Source data:
◆ ◆ ◆ ◆ ◆ ◆ ◆

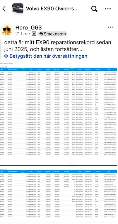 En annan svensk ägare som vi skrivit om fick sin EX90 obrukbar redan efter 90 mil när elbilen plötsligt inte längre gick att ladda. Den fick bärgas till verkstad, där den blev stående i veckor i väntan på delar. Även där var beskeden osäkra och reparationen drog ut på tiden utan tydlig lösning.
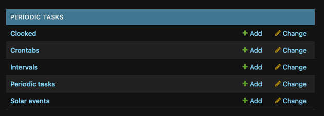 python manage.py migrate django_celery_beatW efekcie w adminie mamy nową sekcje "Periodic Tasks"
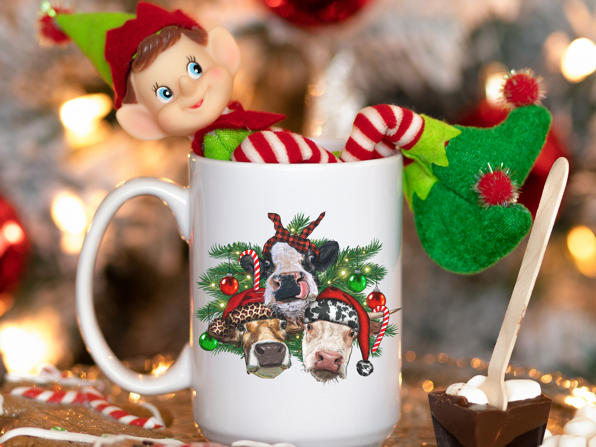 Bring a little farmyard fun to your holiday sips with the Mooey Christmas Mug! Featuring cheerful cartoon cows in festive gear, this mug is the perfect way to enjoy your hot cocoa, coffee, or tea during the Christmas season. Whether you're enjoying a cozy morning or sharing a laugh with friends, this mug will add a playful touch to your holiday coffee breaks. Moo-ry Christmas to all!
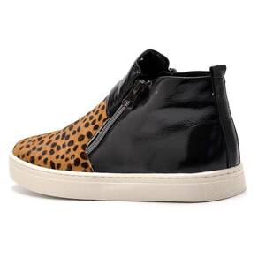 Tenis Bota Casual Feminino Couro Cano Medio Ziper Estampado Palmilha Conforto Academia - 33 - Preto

◆ ◆ ◆ ◆ ◆ ◆ ◆

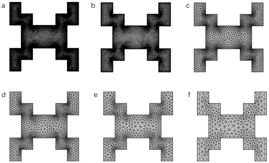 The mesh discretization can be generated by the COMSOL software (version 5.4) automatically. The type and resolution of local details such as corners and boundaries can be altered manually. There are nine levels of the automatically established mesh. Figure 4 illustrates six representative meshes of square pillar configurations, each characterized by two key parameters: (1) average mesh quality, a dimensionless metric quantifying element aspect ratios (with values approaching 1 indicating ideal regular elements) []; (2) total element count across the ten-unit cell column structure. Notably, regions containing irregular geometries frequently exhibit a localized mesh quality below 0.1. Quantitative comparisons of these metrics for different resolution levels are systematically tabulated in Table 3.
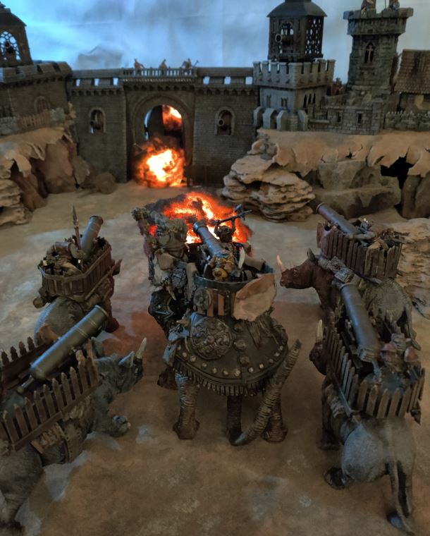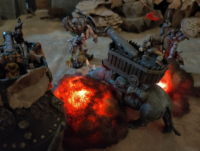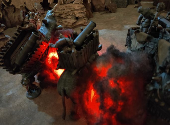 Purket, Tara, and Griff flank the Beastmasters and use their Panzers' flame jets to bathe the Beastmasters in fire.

◆ ◆ ◆ ◆ ◆ ◆ ◆

Task item:
For the entries above, print exactly the lines between the one with "En annan svensk" and the one with "Tenis Bota Casual", inclusive, with no pictures.

Finished task:
 En annan svensk ägare som vi skrivit om fick sin EX90 obrukbar redan efter 90 mil när elbilen plötsligt inte längre gick att ladda. Den fick bärgas till verkstad, där den blev stående i veckor i väntan på delar. Även där var beskeden osäkra och reparationen drog ut på tiden utan tydlig lösning.
 python manage.py migrate django_celery_beatW efekcie w adminie mamy nową sekcje "Periodic Tasks"
 Bring a little farmyard fun to your holiday sips with the Mooey Christmas Mug! Featuring cheerful cartoon cows in festive gear, this mug is the perfect way to enjoy your hot cocoa, coffee, or tea during the Christmas season. Whether you're enjoying a cozy morning or sharing a laugh with friends, this mug will add a playful touch to your holiday coffee breaks. Moo-ry Christmas to all!
 Tenis Bota Casual Feminino Couro Cano Medio Ziper Estampado Palmilha Conforto Academia - 33 - Preto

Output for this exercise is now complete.